▶ [Work instructions]: Starting at the line with "Die Anlage bietet" and stopping at the final line, retype the data below exactly; do not carry over any pictures.

---*---

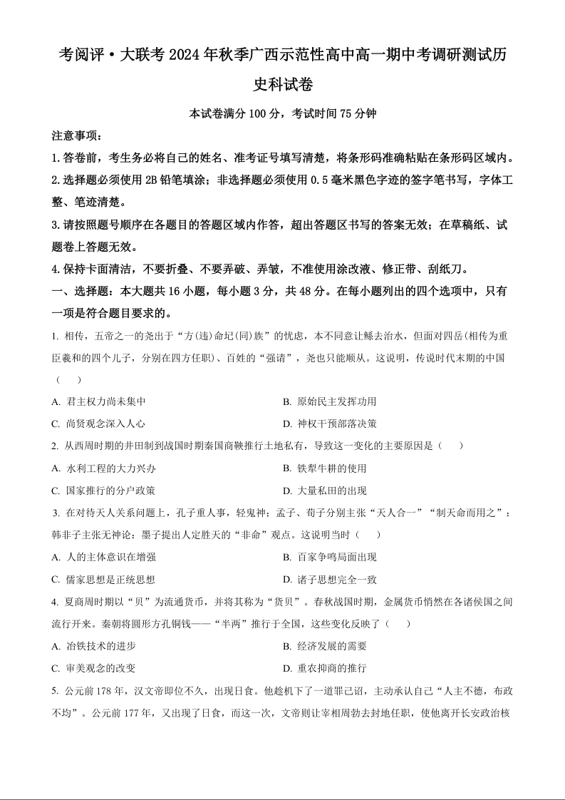 广西壮族自治区玉林市2024-2025学年上学期高一期中考调研测试历史(原卷版)
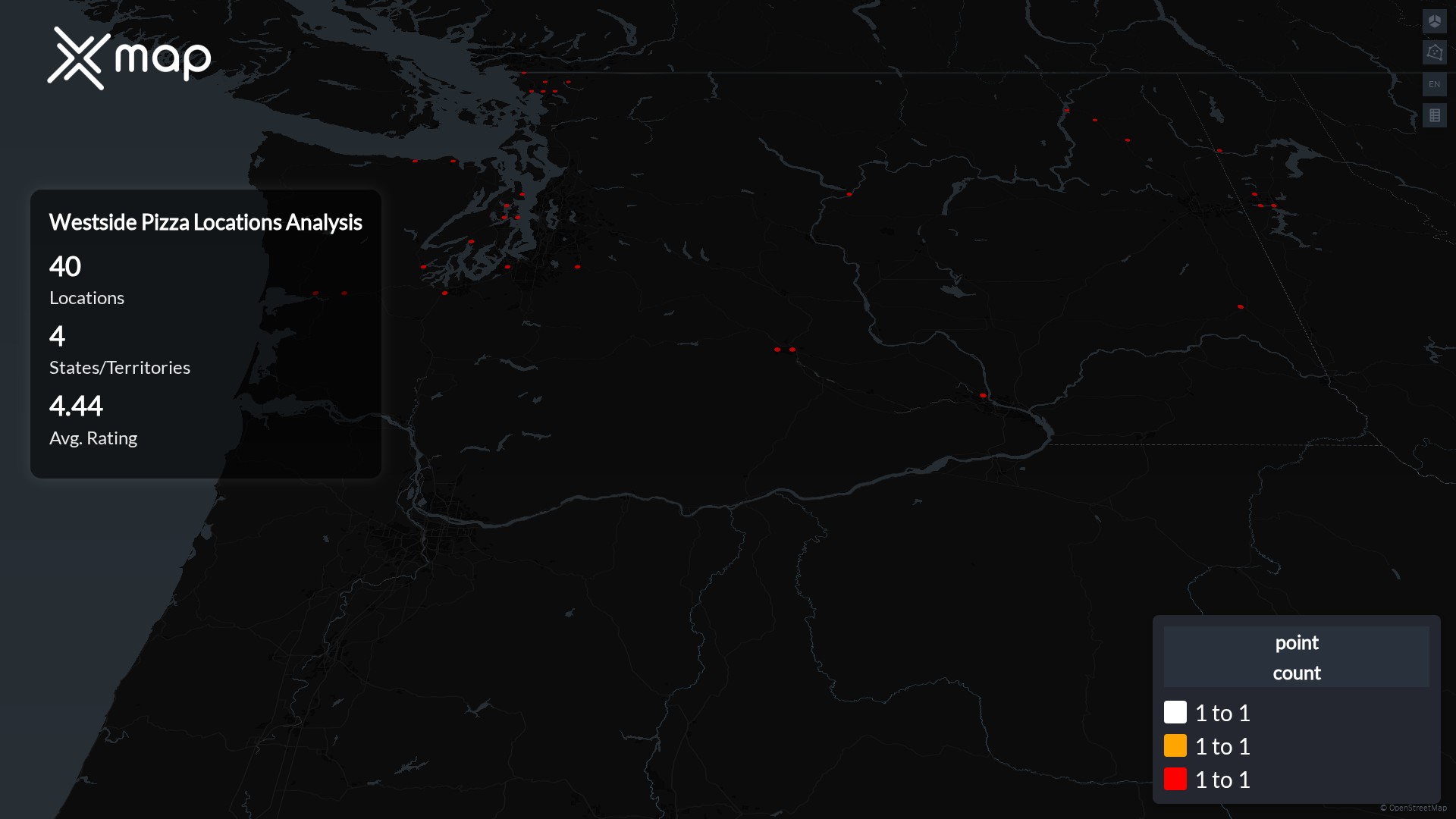 Street-level clusters show corridors where multiple Westside Pizza locations sit within the same neighborhood indicating strong local presence and coherence. Westside Pizza operates a total of 40 nationwide.
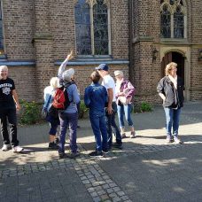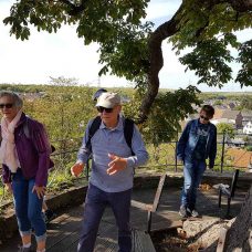 Weitere Stationen waren die ehemalige Schmiede Decker, der Theodor-Bondü-Platz sowie die Kirche St. Vintenzius und deren Umfeld. An der sogenannten Grass-Kastanie oberhalb des alten Ortskerns erfuhren die Teilnehmer die Hintergründe zur Beschreibung dieses Ortes in dem bekannten Roman „Die Blechtrommel“ von Günter Grass, was auch zur Namensgebung dieser alten Kastanie führte.
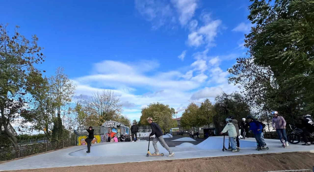 Die Anlage bietet auf einer Gesamtfläche von rund 1.000 Quadratmetern vielseitige Skate-Elemente und Grünflächen.
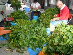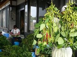 「紫ずきん」といいまして、丹波地方が誇る高級食材の一つ、新丹波黒大豆を改良したもので、平成7年に早熟系統の品種として登録された京野菜です。旬は9月中旬から10月下旬にかけてです。なので義父は5時に起きて作業します。枝木から1個ずつはさみで切り取り選別します。奥の女性は近所のおばさんで赤い服のおじさんは親戚の方です。枝で見えにくいですが一番奥にいるのが私の実父です。枝を持っているのが義父です。私も休みの日は手伝いをしますが、今週は仕事ですので残念ながら手伝いができませんでした。篠山の枝豆もおいしいですが、また違った味ですのでぜひご賞味あれ。
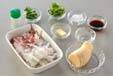 イカゲソはきれいに水洗いする。吸盤が固い場合は包丁を寝かせてこそげ落とし、食べやすい大きさに切る。固い部分は取って下さい。小イカの場合は足を持って胴からワタを引き抜く。胴は水洗いして軟骨を抜き取り、足は目の際で切り落としてくちばしを取って、水できれいに洗い水気を切る。
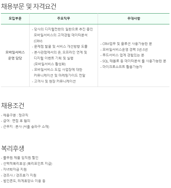 [채용]풀무원 모바일서비스 운영 담당 채용 공고 안내
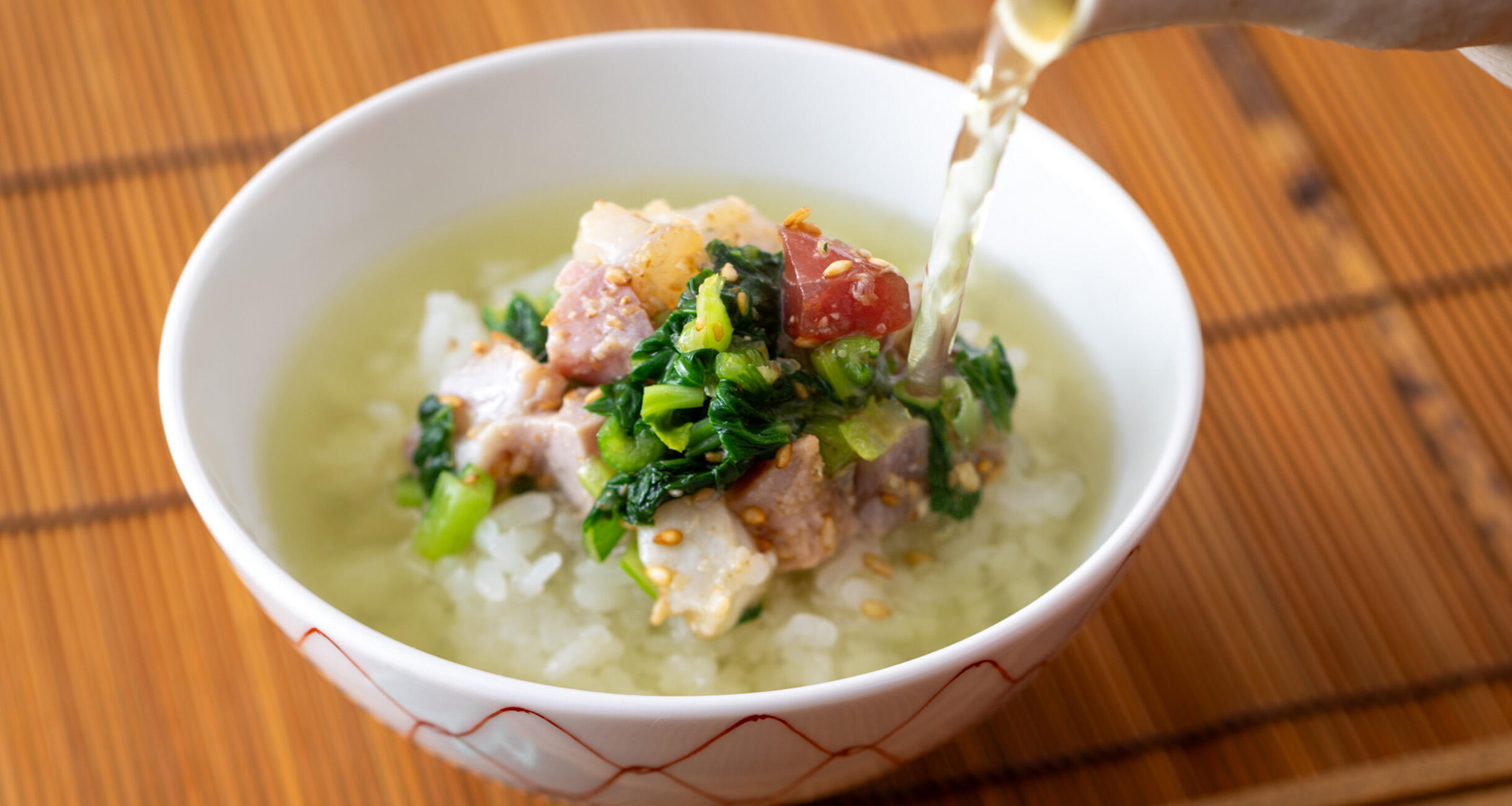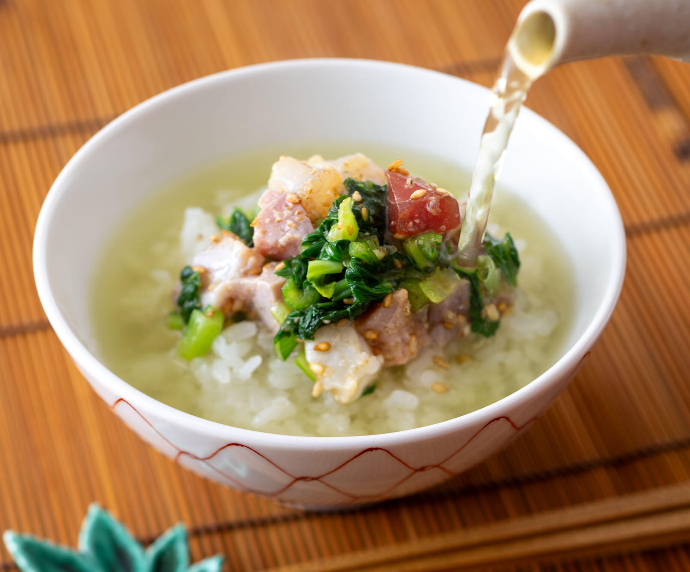 さらに、「ご飯にのせて、タイ茶漬けみたいにしてもおいしいのよ」と、尾身さん。すすめられるがままに、熱い緑茶をまわしかける。ああ、すり胡麻が香ばしくて、サラサラと食べてしまう……!そのままで、ご飯にのせて、お茶をかけて。三度おいしい“小松菜和え”、これはもう刺身を余らせるしかない!
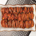 Arrange sweet potato slices in prepared baking dish by standing them upright in tight rows. You should have parallel lines of sweet potato slices (skin showing) along the length of the dish. Drizzle with any remaining oil mixture.

---*---

▶ [Reply]:
 Die Anlage bietet auf einer Gesamtfläche von rund 1.000 Quadratmetern vielseitige Skate-Elemente und Grünflächen.
 「紫ずきん」といいまして、丹波地方が誇る高級食材の一つ、新丹波黒大豆を改良したもので、平成7年に早熟系統の品種として登録された京野菜です。旬は9月中旬から10月下旬にかけてです。なので義父は5時に起きて作業します。枝木から1個ずつはさみで切り取り選別します。奥の女性は近所のおばさんで赤い服のおじさんは親戚の方です。枝で見えにくいですが一番奥にいるのが私の実父です。枝を持っているのが義父です。私も休みの日は手伝いをしますが、今週は仕事ですので残念ながら手伝いができませんでした。篠山の枝豆もおいしいですが、また違った味ですのでぜひご賞味あれ。
 イカゲソはきれいに水洗いする。吸盤が固い場合は包丁を寝かせてこそげ落とし、食べやすい大きさに切る。固い部分は取って下さい。小イカの場合は足を持って胴からワタを引き抜く。胴は水洗いして軟骨を抜き取り、足は目の際で切り落としてくちばしを取って、水できれいに洗い水気を切る。
 [채용]풀무원 모바일서비스 운영 담당 채용 공고 안내
 さらに、「ご飯にのせて、タイ茶漬けみたいにしてもおいしいのよ」と、尾身さん。すすめられるがままに、熱い緑茶をまわしかける。ああ、すり胡麻が香ばしくて、サラサラと食べてしまう……!そのままで、ご飯にのせて、お茶をかけて。三度おいしい“小松菜和え”、これはもう刺身を余らせるしかない!
 Arrange sweet potato slices in prepared baking dish by standing them upright in tight rows. You should have parallel lines of sweet potato slices (skin showing) along the length of the dish. Drizzle with any remaining oil mixture.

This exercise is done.